__Assignment__. Your copy should match the listing word for word, apart from the pictures, which are left out.

__The data__.
Start of Block
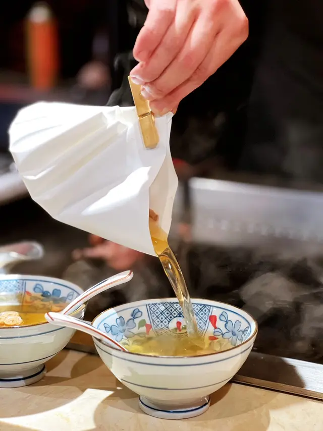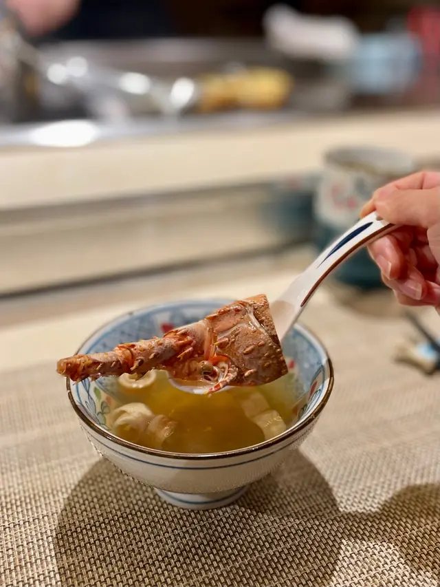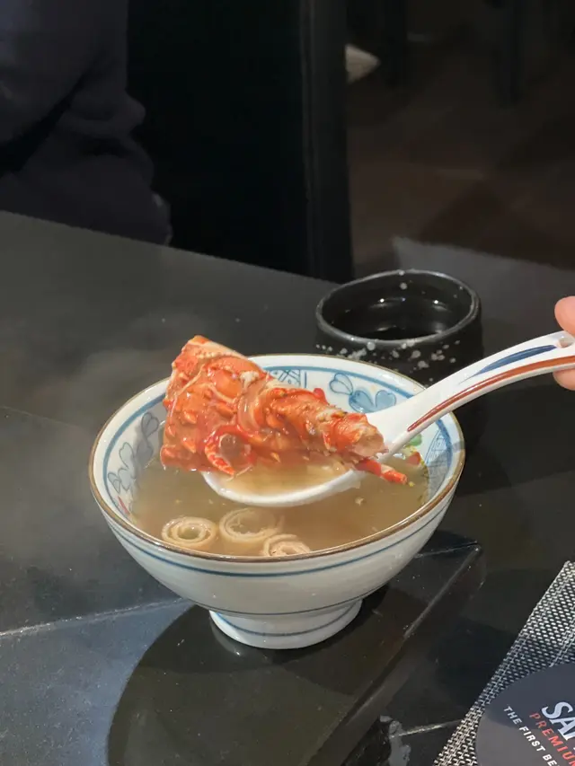 聞說已久身邊好多朋友話這間超好味的鐵板燒,終於嚐到。食材新鮮,調味細緻,的確讓人驚喜,完全可以用高質好味來形容。店內環境寬敞,客人可以圍爐欣賞廚師的烹飪技藝,特別是火焰龍蝦頭的表演,視覺體驗非常震撼。秋田二人前套餐 $888/位季節沙律用上沖繩水雲口感黏滑,搭配酸甜的醬汁,開胃又美味。魚籽鵝肝蒸蛋蒸蛋滑溜,配上鹹鮮的黑魚籽和煎香的鵝肝粒,脂香四溢,十分好味。季節時令海鮮北海道鮮活帶子大粒,用牛油煎香,搭配柚子胡椒和黑魚子,包住食用,味道層次豐富,超好食。鮮活時令龍蝦青龍蝦新鮮,肉質細嫩,搭配龍蝦膏、牛油蒜蓉醬汁,與香脆牛油多士同食,完美搭配。之後還有即席的火焰龍蝦頭表演,儀式感十足。龍蝦清湯用龍蝦頭煮的清湯味道清甜。原隻鮮活南非鮑魚鮑魚鮮嫩彈牙,搭配昆布忌廉醬汁,鮮味十足,口感creamy。香煎頂級鵝肝厚切鵝肝表面煎至焦香,外脆內軟,入口即溶,配上香脆牛油多士,搭配黑醋和菠蘿,減低油膩感。鹿兒島霜降和牛薄燒和厚燒薄燒雪花和牛包住洋蔥、香蔥和乾蒜片,油脂香濃,肉質柔軟。厚燒和牛口感軟腍,牛味濃郁,配鹽昆布更美味。秋田炒飯蛋炒飯粒粒分明,加入櫻花蝦乾、香蔥、煙肉和甘筍,水準不俗。炒野菜炒雜菜口感爽脆,簡單精選甜品銅鑼燒夾住紅豆餡,香甜可口,還有抹茶和雲呢拿雪糕,為今晚劃上完美句號。飲品巨峰乳酸和桃乳酸,兩杯都好飲,前者甜,後者清香。…查看更多
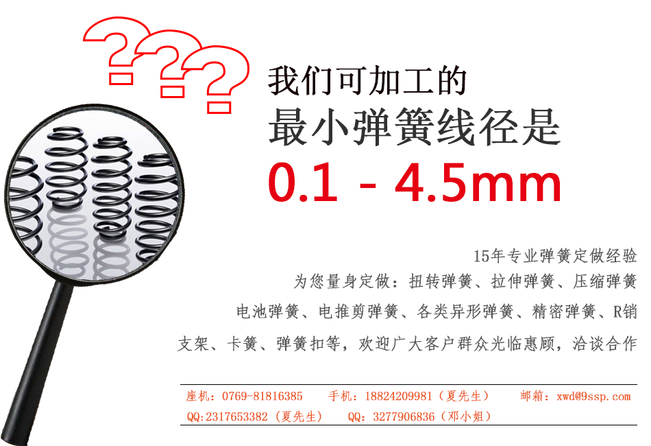 在线咨询东莞玖胜电池弹簧生产厂家专业各类弹簧生产,玩具电池弹簧,遥控器电池弹簧,各种电子电器电池簧,异形电池弹簧定制,不同规格,不同材质,随心订.我司弹簧线径范围在0.1-4.5之间
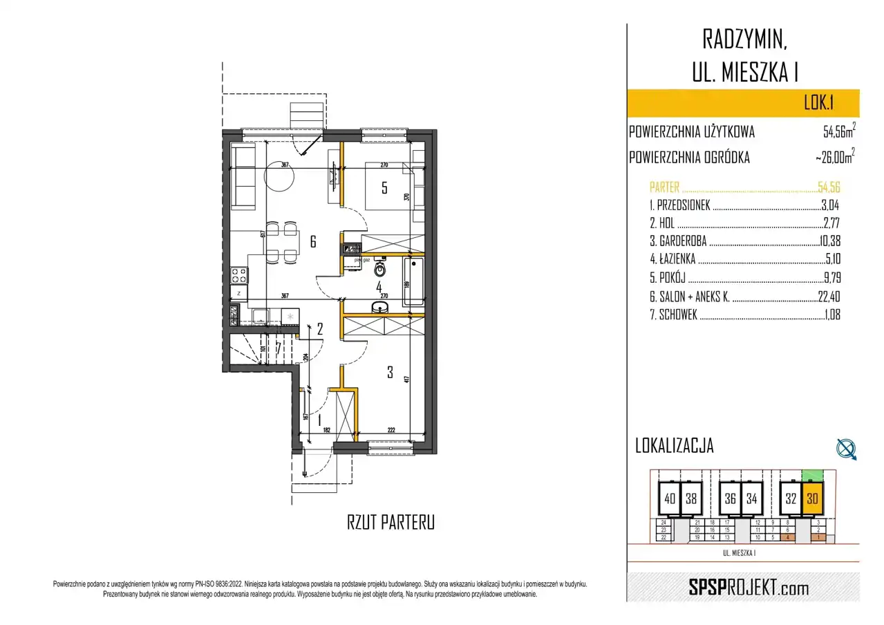 Lokal na parterze składa się z dwóch sypialni (10,38 m2 i 9,79 m2 ) salonu z aneksem kuchennym (22,40 m2) holu (2,77 m2) łazienki (5,10 m2)
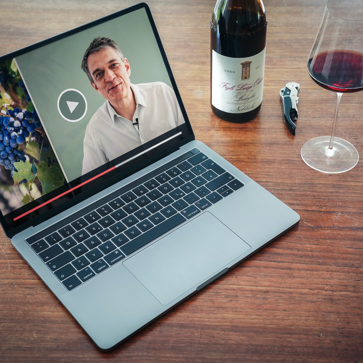 Er liebt und lebt Wein und so enthalten die Verkostungspakete, die für die Online-Tastings zusammengestellt und den Teilnehmern rechtzeitig zugeschickt werden, besondere Tropfen und Entdeckungen, die er mit viel Enthusiasmus kuratiert hat. Das Genusspaket enthält drei Flaschen Wein, dazu hochwertige Chips und Schokolade.
End of Block
__Exercise result__.
 聞說已久身邊好多朋友話這間超好味的鐵板燒,終於嚐到。食材新鮮,調味細緻,的確讓人驚喜,完全可以用高質好味來形容。店內環境寬敞,客人可以圍爐欣賞廚師的烹飪技藝,特別是火焰龍蝦頭的表演,視覺體驗非常震撼。秋田二人前套餐 $888/位季節沙律用上沖繩水雲口感黏滑,搭配酸甜的醬汁,開胃又美味。魚籽鵝肝蒸蛋蒸蛋滑溜,配上鹹鮮的黑魚籽和煎香的鵝肝粒,脂香四溢,十分好味。季節時令海鮮北海道鮮活帶子大粒,用牛油煎香,搭配柚子胡椒和黑魚子,包住食用,味道層次豐富,超好食。鮮活時令龍蝦青龍蝦新鮮,肉質細嫩,搭配龍蝦膏、牛油蒜蓉醬汁,與香脆牛油多士同食,完美搭配。之後還有即席的火焰龍蝦頭表演,儀式感十足。龍蝦清湯用龍蝦頭煮的清湯味道清甜。原隻鮮活南非鮑魚鮑魚鮮嫩彈牙,搭配昆布忌廉醬汁,鮮味十足,口感creamy。香煎頂級鵝肝厚切鵝肝表面煎至焦香,外脆內軟,入口即溶,配上香脆牛油多士,搭配黑醋和菠蘿,減低油膩感。鹿兒島霜降和牛薄燒和厚燒薄燒雪花和牛包住洋蔥、香蔥和乾蒜片,油脂香濃,肉質柔軟。厚燒和牛口感軟腍,牛味濃郁,配鹽昆布更美味。秋田炒飯蛋炒飯粒粒分明,加入櫻花蝦乾、香蔥、煙肉和甘筍,水準不俗。炒野菜炒雜菜口感爽脆,簡單精選甜品銅鑼燒夾住紅豆餡,香甜可口,還有抹茶和雲呢拿雪糕,為今晚劃上完美句號。飲品巨峰乳酸和桃乳酸,兩杯都好飲,前者甜,後者清香。…查看更多
 在线咨询东莞玖胜电池弹簧生产厂家专业各类弹簧生产,玩具电池弹簧,遥控器电池弹簧,各种电子电器电池簧,异形电池弹簧定制,不同规格,不同材质,随心订.我司弹簧线径范围在0.1-4.5之间
 Lokal na parterze składa się z dwóch sypialni (10,38 m2 i 9,79 m2 ) salonu z aneksem kuchennym (22,40 m2) holu (2,77 m2) łazienki (5,10 m2)
 Er liebt und lebt Wein und so enthalten die Verkostungspakete, die für die Online-Tastings zusammengestellt und den Teilnehmern rechtzeitig zugeschickt werden, besondere Tropfen und Entdeckungen, die er mit viel Enthusiasmus kuratiert hat. Das Genusspaket enthält drei Flaschen Wein, dazu hochwertige Chips und Schokolade.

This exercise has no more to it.